== Segment start ==

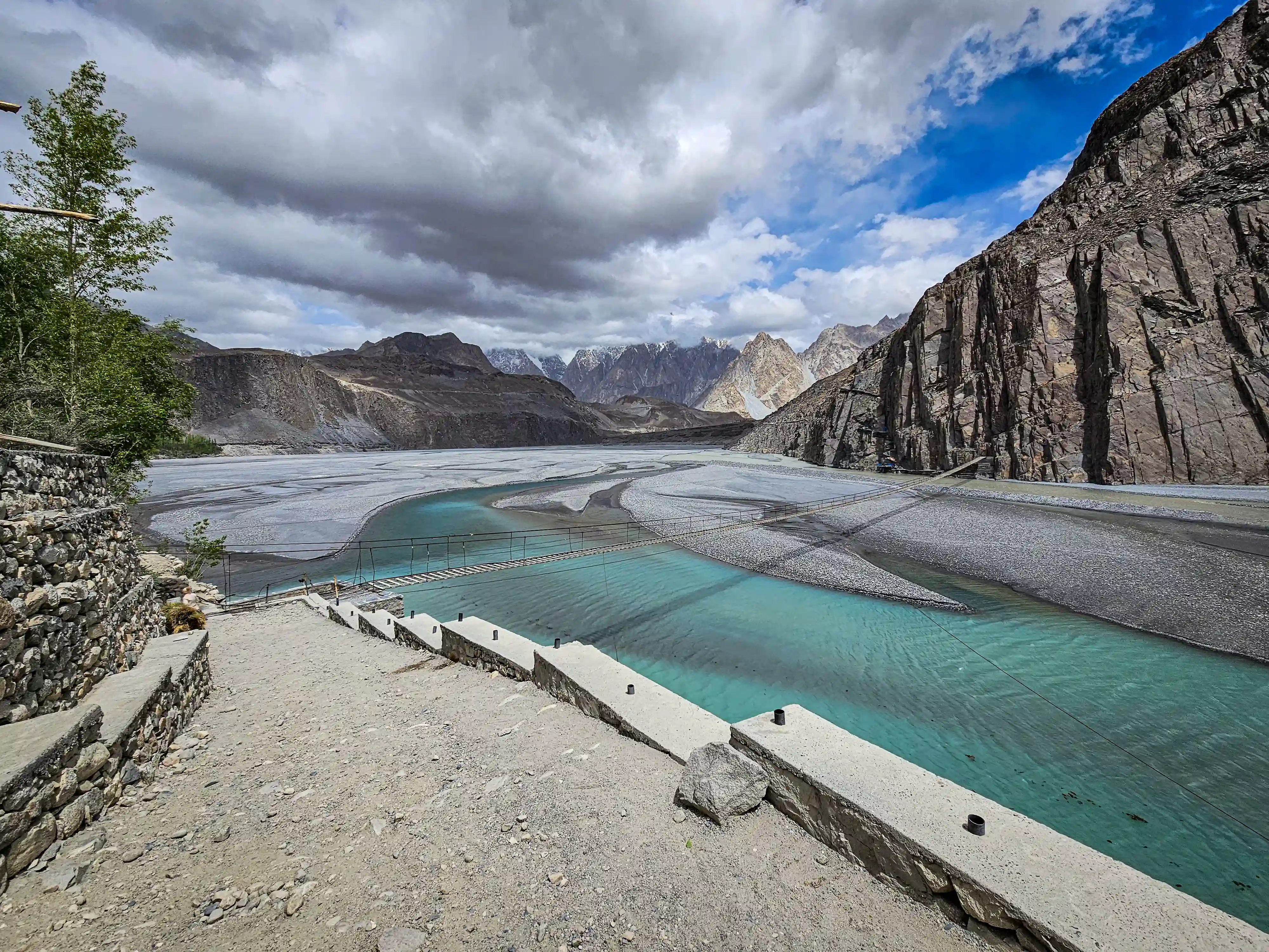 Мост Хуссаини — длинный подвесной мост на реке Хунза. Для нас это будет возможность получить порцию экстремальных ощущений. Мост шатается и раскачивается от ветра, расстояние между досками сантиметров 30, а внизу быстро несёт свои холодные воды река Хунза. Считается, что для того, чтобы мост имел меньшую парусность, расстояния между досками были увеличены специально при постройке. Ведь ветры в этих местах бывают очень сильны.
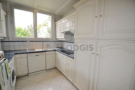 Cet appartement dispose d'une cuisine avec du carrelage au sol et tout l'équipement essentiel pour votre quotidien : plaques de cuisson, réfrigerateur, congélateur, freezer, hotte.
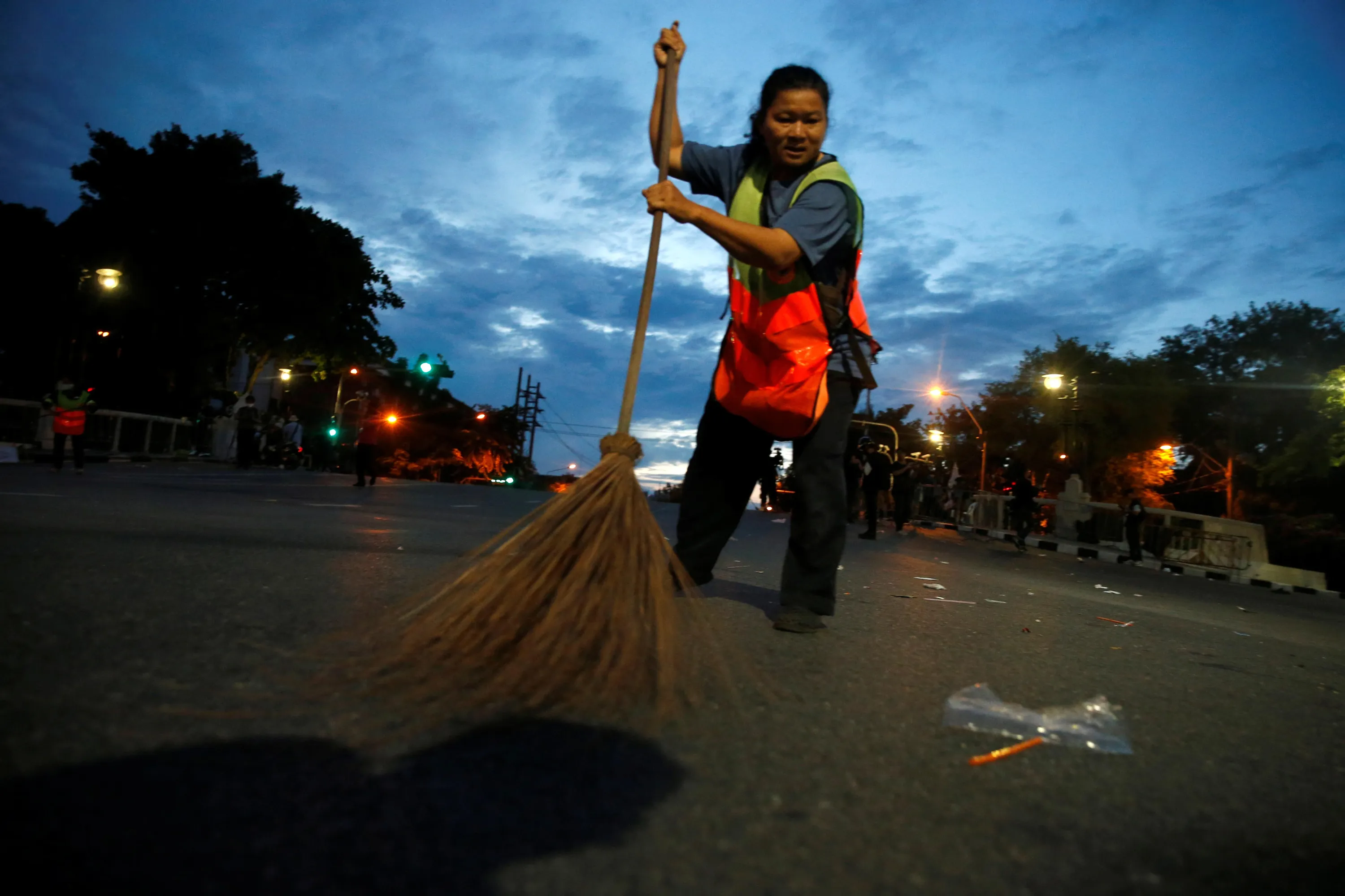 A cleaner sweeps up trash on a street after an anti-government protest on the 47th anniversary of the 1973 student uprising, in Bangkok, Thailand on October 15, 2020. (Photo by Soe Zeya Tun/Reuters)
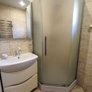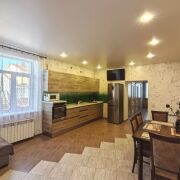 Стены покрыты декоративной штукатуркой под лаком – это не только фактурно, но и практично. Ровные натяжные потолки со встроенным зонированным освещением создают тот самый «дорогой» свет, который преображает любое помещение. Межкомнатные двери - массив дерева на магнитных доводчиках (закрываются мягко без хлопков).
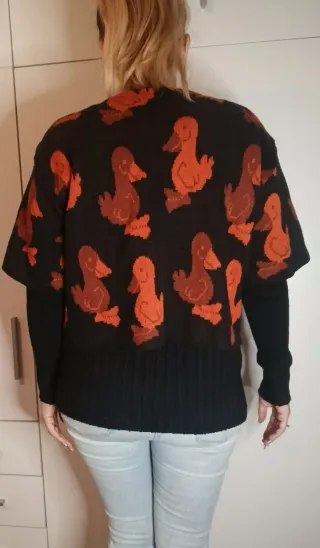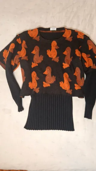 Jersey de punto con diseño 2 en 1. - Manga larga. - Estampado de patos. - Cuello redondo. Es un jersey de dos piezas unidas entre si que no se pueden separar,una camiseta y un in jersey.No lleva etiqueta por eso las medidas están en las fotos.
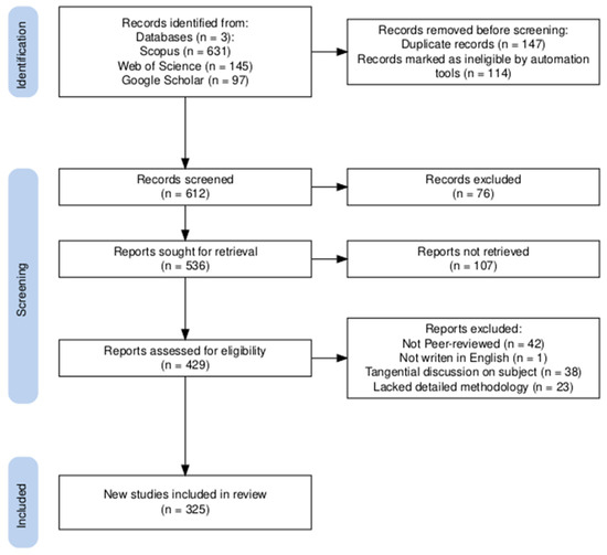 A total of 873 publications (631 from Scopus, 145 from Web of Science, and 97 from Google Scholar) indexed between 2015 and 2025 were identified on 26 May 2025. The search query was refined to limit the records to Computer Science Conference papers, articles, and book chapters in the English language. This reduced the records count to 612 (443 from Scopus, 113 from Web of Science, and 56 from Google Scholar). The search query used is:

== Segment end ==

■ WORK ITEM: A word-for-word copy of every entry, with the pictures left out, is the required answer.

■ REPLY:
 Мост Хуссаини — длинный подвесной мост на реке Хунза. Для нас это будет возможность получить порцию экстремальных ощущений. Мост шатается и раскачивается от ветра, расстояние между досками сантиметров 30, а внизу быстро несёт свои холодные воды река Хунза. Считается, что для того, чтобы мост имел меньшую парусность, расстояния между досками были увеличены специально при постройке. Ведь ветры в этих местах бывают очень сильны.
 Cet appartement dispose d'une cuisine avec du carrelage au sol et tout l'équipement essentiel pour votre quotidien : plaques de cuisson, réfrigerateur, congélateur, freezer, hotte.
 A cleaner sweeps up trash on a street after an anti-government protest on the 47th anniversary of the 1973 student uprising, in Bangkok, Thailand on October 15, 2020. (Photo by Soe Zeya Tun/Reuters)
 Стены покрыты декоративной штукатуркой под лаком – это не только фактурно, но и практично. Ровные натяжные потолки со встроенным зонированным освещением создают тот самый «дорогой» свет, который преображает любое помещение. Межкомнатные двери - массив дерева на магнитных доводчиках (закрываются мягко без хлопков).
 Jersey de punto con diseño 2 en 1. - Manga larga. - Estampado de patos. - Cuello redondo. Es un jersey de dos piezas unidas entre si que no se pueden separar,una camiseta y un in jersey.No lleva etiqueta por eso las medidas están en las fotos.
 A total of 873 publications (631 from Scopus, 145 from Web of Science, and 97 from Google Scholar) indexed between 2015 and 2025 were identified on 26 May 2025. The search query was refined to limit the records to Computer Science Conference papers, articles, and book chapters in the English language. This reduced the records count to 612 (443 from Scopus, 113 from Web of Science, and 56 from Google Scholar). The search query used is:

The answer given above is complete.